(Beginning of EXCERPTED DATA)
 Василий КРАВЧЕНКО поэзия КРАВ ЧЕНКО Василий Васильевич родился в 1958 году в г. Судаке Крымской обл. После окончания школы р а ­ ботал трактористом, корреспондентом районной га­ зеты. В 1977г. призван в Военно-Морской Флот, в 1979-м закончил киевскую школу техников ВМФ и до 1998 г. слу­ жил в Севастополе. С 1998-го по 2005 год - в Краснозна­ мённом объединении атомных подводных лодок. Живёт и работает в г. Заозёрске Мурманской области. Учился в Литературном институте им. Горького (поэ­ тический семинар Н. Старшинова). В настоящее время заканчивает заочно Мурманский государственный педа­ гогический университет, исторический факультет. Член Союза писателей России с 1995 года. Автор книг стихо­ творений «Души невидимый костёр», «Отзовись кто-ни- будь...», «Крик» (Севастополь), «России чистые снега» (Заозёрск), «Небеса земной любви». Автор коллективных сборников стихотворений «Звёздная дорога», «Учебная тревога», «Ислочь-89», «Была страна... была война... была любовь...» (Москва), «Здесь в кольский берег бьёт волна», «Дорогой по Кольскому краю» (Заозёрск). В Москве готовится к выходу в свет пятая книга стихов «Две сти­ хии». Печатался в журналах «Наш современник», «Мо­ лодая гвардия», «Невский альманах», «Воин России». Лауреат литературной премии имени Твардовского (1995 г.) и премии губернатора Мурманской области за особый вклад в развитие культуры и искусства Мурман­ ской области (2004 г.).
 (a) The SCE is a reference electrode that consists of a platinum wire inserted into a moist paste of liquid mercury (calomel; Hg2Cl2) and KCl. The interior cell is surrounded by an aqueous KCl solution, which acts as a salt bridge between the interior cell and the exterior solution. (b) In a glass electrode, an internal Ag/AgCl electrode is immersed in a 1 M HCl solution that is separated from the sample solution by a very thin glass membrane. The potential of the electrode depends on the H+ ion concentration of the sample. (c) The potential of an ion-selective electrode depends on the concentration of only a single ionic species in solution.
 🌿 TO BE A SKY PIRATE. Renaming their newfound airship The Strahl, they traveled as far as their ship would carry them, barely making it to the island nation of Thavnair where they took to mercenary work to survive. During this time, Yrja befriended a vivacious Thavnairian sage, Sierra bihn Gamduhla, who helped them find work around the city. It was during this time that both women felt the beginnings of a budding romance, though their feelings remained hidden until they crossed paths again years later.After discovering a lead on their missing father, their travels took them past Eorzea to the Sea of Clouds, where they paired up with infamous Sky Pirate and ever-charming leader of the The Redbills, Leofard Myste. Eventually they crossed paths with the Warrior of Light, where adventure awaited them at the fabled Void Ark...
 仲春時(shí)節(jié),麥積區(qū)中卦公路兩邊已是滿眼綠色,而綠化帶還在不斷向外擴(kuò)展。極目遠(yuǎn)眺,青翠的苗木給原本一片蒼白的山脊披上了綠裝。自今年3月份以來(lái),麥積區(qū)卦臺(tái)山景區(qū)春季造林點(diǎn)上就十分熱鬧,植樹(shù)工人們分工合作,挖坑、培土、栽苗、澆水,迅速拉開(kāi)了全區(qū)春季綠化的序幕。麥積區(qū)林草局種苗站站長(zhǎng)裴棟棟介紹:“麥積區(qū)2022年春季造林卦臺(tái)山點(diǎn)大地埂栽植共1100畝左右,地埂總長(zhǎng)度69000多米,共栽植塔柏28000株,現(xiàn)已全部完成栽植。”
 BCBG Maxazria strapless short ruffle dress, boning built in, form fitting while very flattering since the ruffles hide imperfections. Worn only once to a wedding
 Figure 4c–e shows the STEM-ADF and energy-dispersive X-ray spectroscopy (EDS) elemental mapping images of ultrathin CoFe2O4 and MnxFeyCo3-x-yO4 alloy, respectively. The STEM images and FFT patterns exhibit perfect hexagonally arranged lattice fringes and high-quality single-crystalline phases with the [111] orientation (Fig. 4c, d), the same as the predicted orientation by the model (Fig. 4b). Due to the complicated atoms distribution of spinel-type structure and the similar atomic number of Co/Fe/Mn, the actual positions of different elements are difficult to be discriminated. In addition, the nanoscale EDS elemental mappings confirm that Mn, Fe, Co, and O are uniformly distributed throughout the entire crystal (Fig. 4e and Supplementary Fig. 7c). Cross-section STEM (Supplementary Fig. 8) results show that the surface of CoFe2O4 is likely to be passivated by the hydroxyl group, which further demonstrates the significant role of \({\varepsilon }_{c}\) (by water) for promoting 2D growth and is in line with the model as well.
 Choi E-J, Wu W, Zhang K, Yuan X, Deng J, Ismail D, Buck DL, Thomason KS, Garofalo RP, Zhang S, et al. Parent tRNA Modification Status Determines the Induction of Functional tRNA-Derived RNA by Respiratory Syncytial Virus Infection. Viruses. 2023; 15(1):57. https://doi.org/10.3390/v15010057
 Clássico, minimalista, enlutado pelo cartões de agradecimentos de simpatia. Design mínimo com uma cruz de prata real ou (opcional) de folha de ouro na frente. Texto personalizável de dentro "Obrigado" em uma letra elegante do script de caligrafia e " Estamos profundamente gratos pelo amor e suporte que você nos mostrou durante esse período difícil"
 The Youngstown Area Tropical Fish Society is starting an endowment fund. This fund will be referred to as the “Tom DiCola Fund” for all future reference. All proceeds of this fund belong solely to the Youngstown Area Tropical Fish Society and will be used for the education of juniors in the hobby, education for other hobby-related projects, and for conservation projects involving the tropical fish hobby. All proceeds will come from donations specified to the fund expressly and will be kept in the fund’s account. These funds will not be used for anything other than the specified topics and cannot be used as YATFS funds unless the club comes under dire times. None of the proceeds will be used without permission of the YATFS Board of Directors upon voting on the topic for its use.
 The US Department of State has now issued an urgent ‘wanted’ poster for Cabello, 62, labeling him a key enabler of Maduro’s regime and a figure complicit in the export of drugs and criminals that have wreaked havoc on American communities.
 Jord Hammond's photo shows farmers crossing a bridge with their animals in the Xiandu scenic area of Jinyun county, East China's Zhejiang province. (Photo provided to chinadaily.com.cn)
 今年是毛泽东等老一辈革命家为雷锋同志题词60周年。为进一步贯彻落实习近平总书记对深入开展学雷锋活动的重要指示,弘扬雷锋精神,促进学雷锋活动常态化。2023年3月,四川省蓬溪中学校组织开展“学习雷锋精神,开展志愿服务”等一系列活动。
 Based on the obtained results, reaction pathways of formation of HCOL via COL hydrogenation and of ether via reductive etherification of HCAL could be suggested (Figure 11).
(End of EXCERPTED DATA)
An exact copy of the line containing "The US Department" and all lines after it, through the last line of the entries, is the required answer.

WRITTEN RESPONSE:
 The US Department of State has now issued an urgent ‘wanted’ poster for Cabello, 62, labeling him a key enabler of Maduro’s regime and a figure complicit in the export of drugs and criminals that have wreaked havoc on American communities.
 Jord Hammond's photo shows farmers crossing a bridge with their animals in the Xiandu scenic area of Jinyun county, East China's Zhejiang province. (Photo provided to chinadaily.com.cn)
 今年是毛泽东等老一辈革命家为雷锋同志题词60周年。为进一步贯彻落实习近平总书记对深入开展学雷锋活动的重要指示,弘扬雷锋精神,促进学雷锋活动常态化。2023年3月,四川省蓬溪中学校组织开展“学习雷锋精神,开展志愿服务”等一系列活动。
 Based on the obtained results, reaction pathways of formation of HCOL via COL hydrogenation and of ether via reductive etherification of HCAL could be suggested (Figure 11).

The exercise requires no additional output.